Minute by Minute Trading Project

Building a Minute by Minute Trading Engine with Neural Networks

This is the repository for Project Kojack, my final project for Metis. Please read this file as a guide to the code in the repository.

stage1.ipynb: This notebook assumes that you have downloaded the folders from the xetra file in Deutsche Börse's Amazon S3 bucket, and that those folders are in the same directory as this notebook. This notebook reads the data into a dataframe keeps the data for the 10 most frequently traded securities. These happen to all be company stocks.

stage2.ipynb: This notebook assumes that the pickle file generated from stage1.ipynb is in the same directory as this notebook. This notebook reads in the data from that pickle file, and fills in data for times when any given stock was not traded.
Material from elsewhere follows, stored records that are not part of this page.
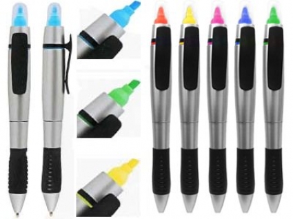 Caneta em plástico 2 em 1, esferográfica com marca texto. Detalhe emborrachado.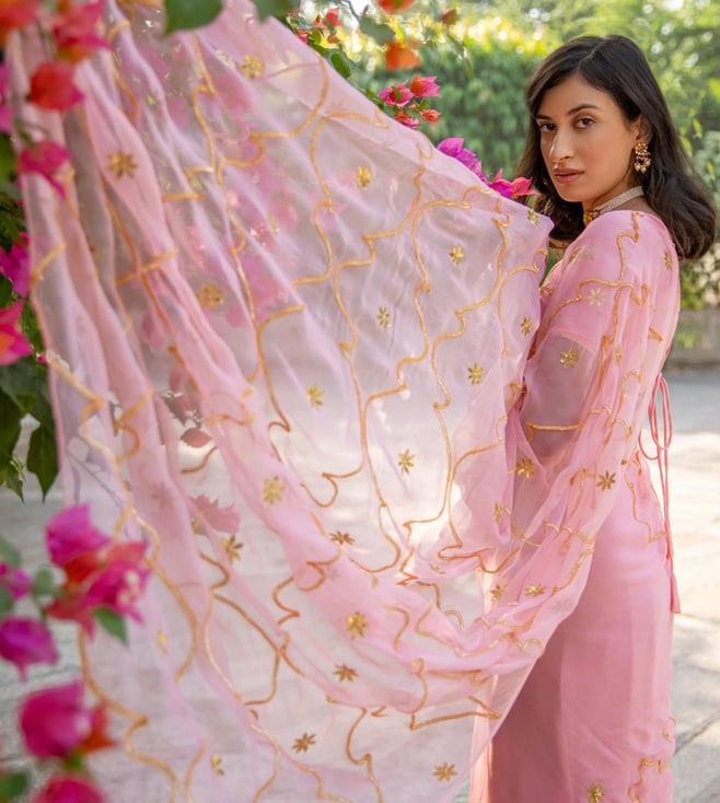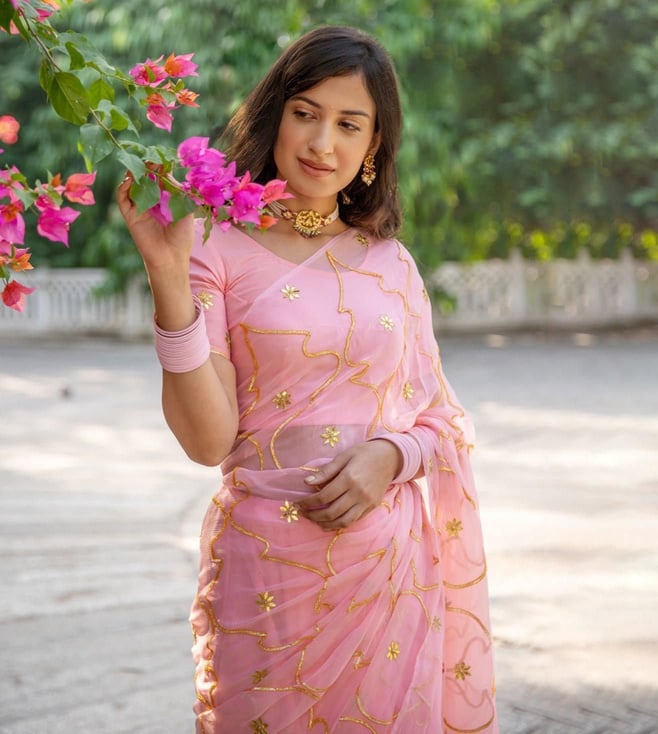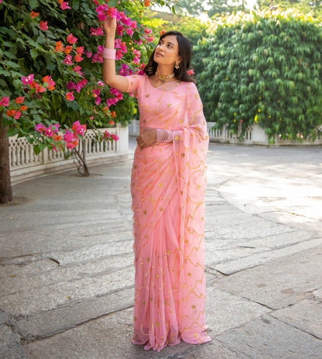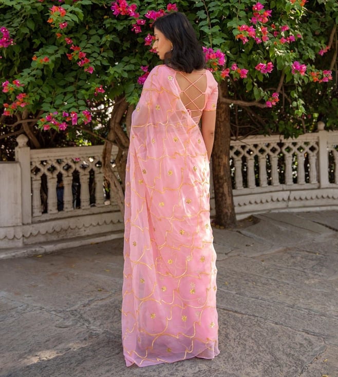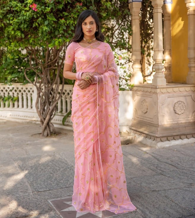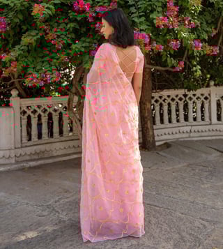 Geroo Jaipur Pastel Pink Handcrafted Gota Jaal Chiffon Saree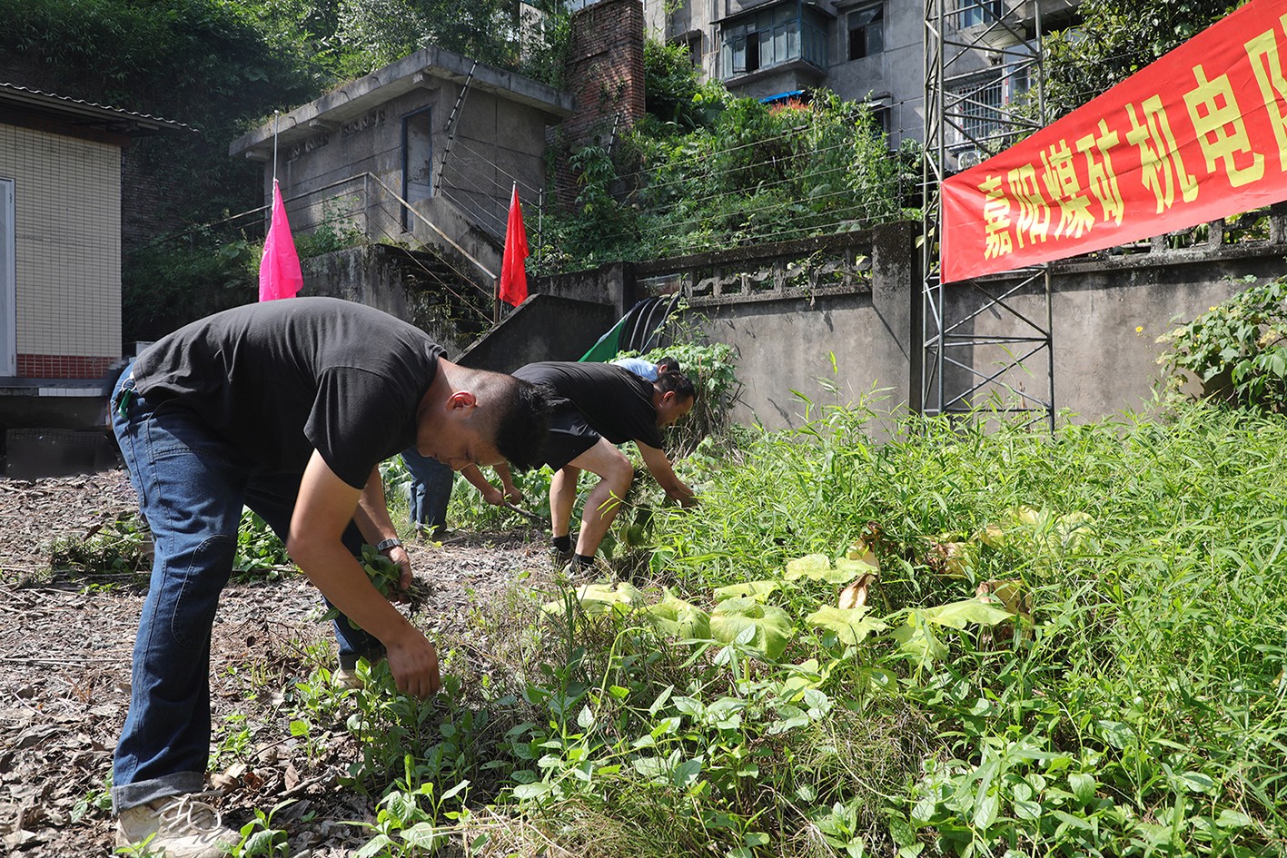 8月22日,嘉阳煤矿机电队党支部组织开展“义务除草展新颜,党员齐心保供电”主题义务劳动,旨在全力保障35kV变电站汛期供电安全。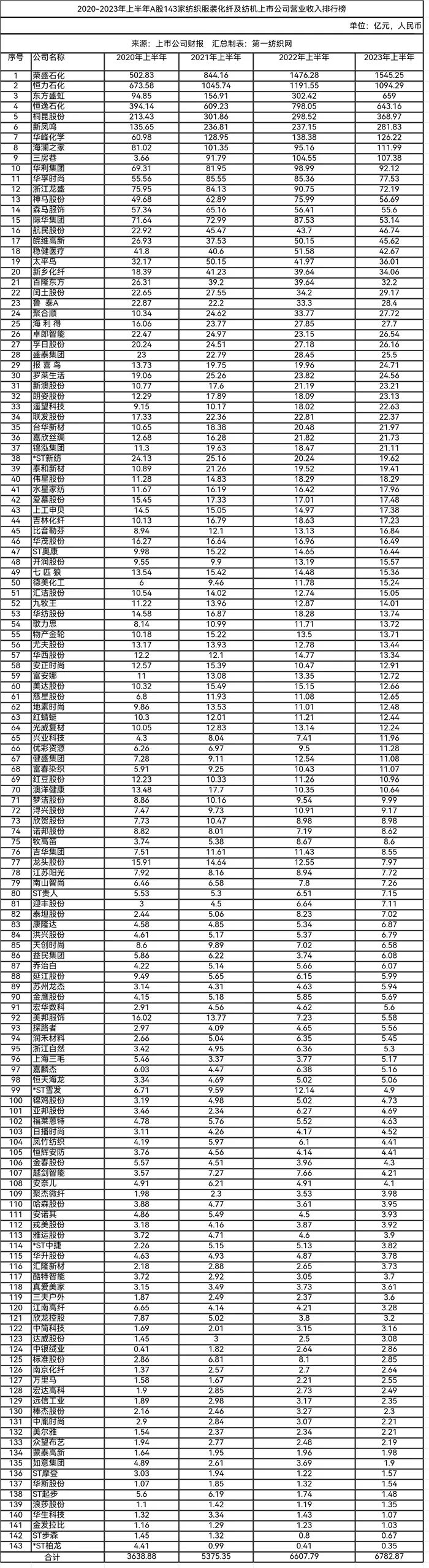 当前,A股纺织服装公司2023年半年报已经披露完毕,虽然经受了疫情结束后叠加大环境的影响,但众多纺织服装、化学纤维、化学品及纺机上市公司的业绩表现引发了业界的广泛关注。
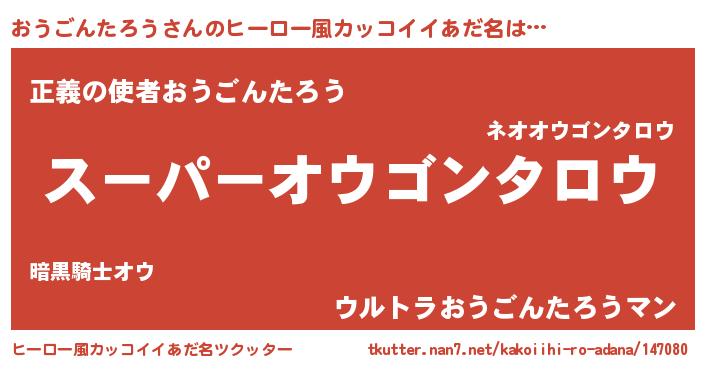 | 男性向けラノベタイトル風あだ名 | 『オウゴンタロウアートオンライン』 |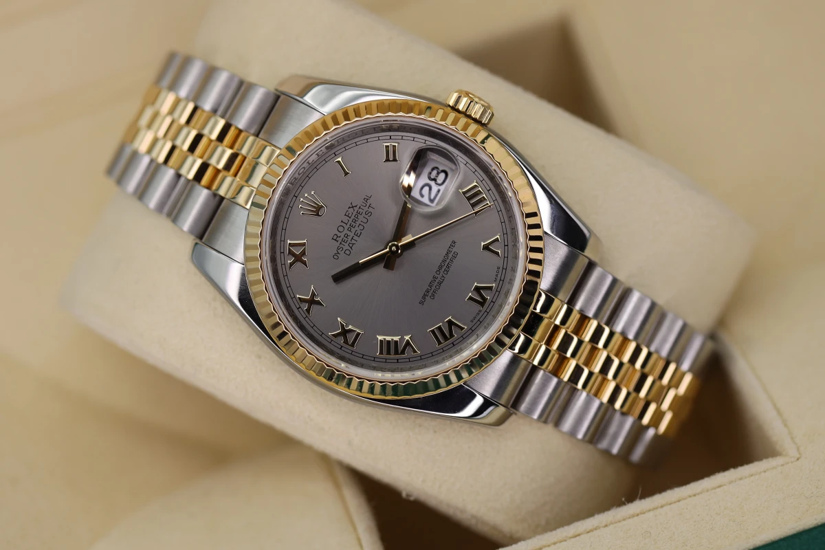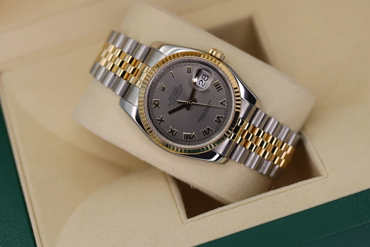 Rolex Datejust Stainless steel & 18ct yellow gold with Rhodium Grey Roman Numeral dial.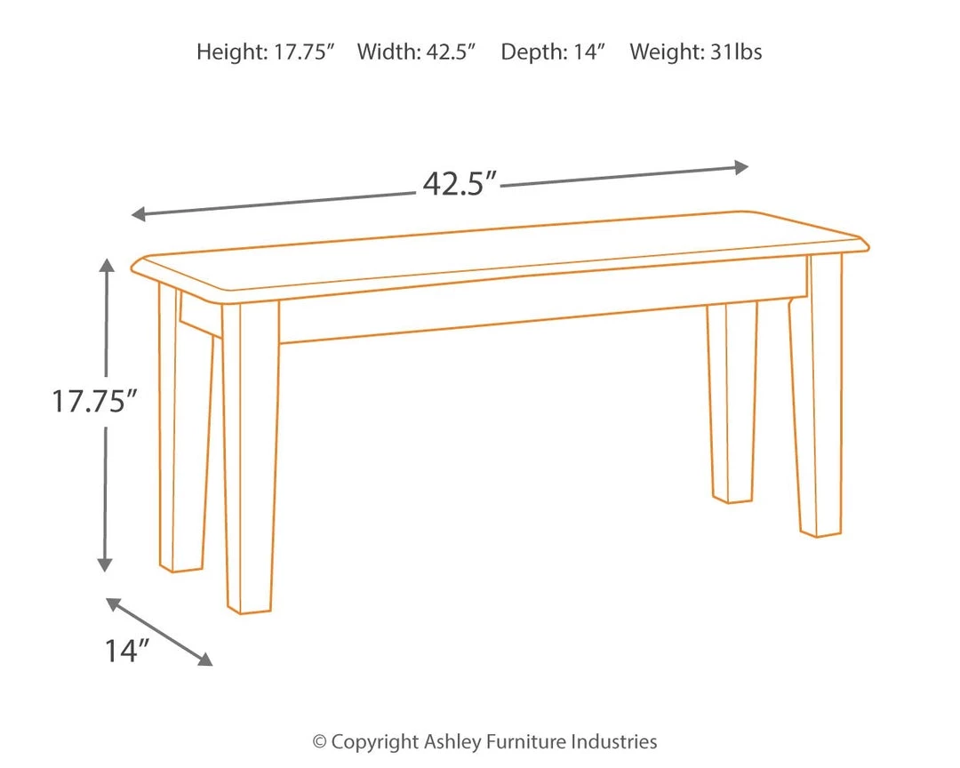 Versatile bench serves up easy elegance, family style. The rich, rustic finish and simple profile are always in vogue, whether your aesthetic is vintage, country or traditional. Dining room bench comfortably seats two.

stage3.ipynb: This notebook assumes that the pickle file generated from stage2.ipynb is in the same directory as this notebook. This notebook reads in the data from that pickle file, and adds lagged variables as predictors for the initial classification models. Note, after adding the lagged variables, the data gets too big for a single pickle file, so this notebook produces 10 pickle files.

RegClass.ipynb: This notebook assumes that the pickle files generated from stage3.ipynb are in the same directory as this notebook. This notebook reads in the data from those pickle files and tries out a logistic regression predictor and a random forest predictor. They don't perform all that well. Note: these models were allowed to assume that 1) I can buy and sell stocks without changing the price and 2) there are no transaction costs. Even with those assumptions, they didn't perform well, so it would not be advisable to pursue using these models.

stage3n.ipynb: This notebook assumes that the pickle file generated from stage2.ipynb is in the same directory as this notebook. This notebook reads in the data from that pickle file and prepares it for input into an LSTM neural network. Namely, it deletes most variables and introduces log differences in price, which are nice to work with because 1) they capture price movements in a way that turns multiplication into addition, 2) their sign is the same as the sign of the price movement, and 3) capture relative price movements, as opposed to absolute price movements, i.e. log(300)-log(299) is a lot smaller than log(2) - log(1), even though 300-299=2-1. Additionally, neural networks like normalized data, and log differences in price, when the granularity is minute by minute, will be in a very small range.

stage3n-withSpread.ipynb: This notebook assumes that the pickle file generated from stage2.ipynb is in the same directory as this notebook. This notebook reads the data from that pickle file and prepares it for input into an LSTM neural network. It differs from stage3n.ipynb in that in prepares the data in such a way that the neural network can take transaction costs into account. Namely, I'm assuming a bid-ask spread of .2 cents. I do this by adding .001 to all start prices and .001 to all end prices.

Kojack: This directory contains the scripts necessary for experimenting with LSTM neural networks in the scope of this project. Inside this directory:

picfix.ipynb: In order to utilize the gpu capabilities when building these LSTMs, I initialized 10 gpu EC2 instances with an AMI, shared with me by Julia Lintern, with the necessary installations to run scripts that use Keras while utilizing gpu capability. However, the environment that this AMI uses is a python 2 environment, and the stage3n.ipynb notebook file runs in a python 3 environment. So, the python 3 pickle written by the stage3n.pynb notebook needs to be converted into a python 2 pickle before it can be used by the LSTM scripts. This notebook makes that conversion, assuming the pickle file generated by the stage3n,ipynb notebook is in the same directory as this notebook.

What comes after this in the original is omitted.